Keep in mind that there isn’t always a single best approach to handling this navigation pattern. Alternative methods may be necessary depending on the page's behavior. Here are some examples:

*   Use `WebDriverWait()` in combination with expected conditions to wait for specific HTML elements to appear or disappear.

*   Monitor traffic for AJAX requests to detect when new content is fetched. This may involve using browser logging.

*   Identify the API request triggered by pagination and make direct requests to fetch the data programmatically (e.g., using the [`requests` library](https://brightdata.com/blog/web-data/python-requests-guide)).

### ‘Load More’ Button

To illustrate JavaScript-based complex navigation scenarios involving user interactions, let's use an example of a 'Load More' button. The concept is straightforward: a list of items is displayed, and clicking the button loads additional items.

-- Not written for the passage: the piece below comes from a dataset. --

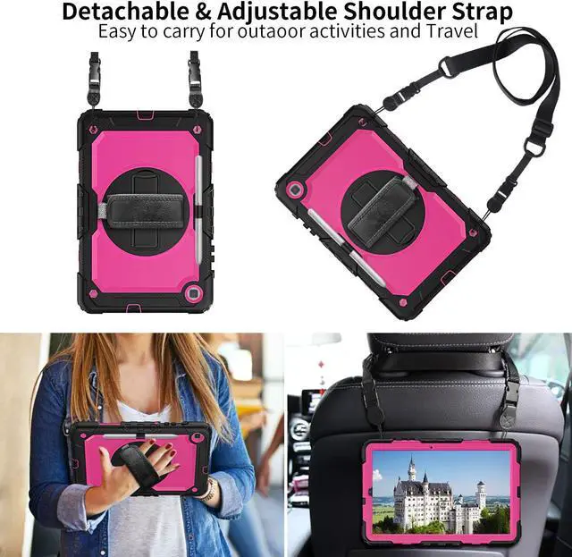 Adjustable Shoulder StrapAdjustable shoulder grip can be slanted and release your hands completely. This function is perfect for traveling, restaurant ordering, home product introduction, engineer outdoor operation, teacher, etc. Also, the strap allows you to hang up your tablet behind car seat for entertainment for kids.

This time, the target site will be the [‘Load More’ example](https://www.scrapingcourse.com/button-click) page from the Scraping Course:

![The ‘Load More’ target page in action](https://github.com/luminati-io/complex-navigation-scraping/blob/main/Images/Clicking-on-the-load-more-button-1536x752.gif)

To handle this complex navigation scraping pattern, follow these steps:

1.  Find the ‘Load More’ button and click it.

2.  Wait for the new elements to load onto the page.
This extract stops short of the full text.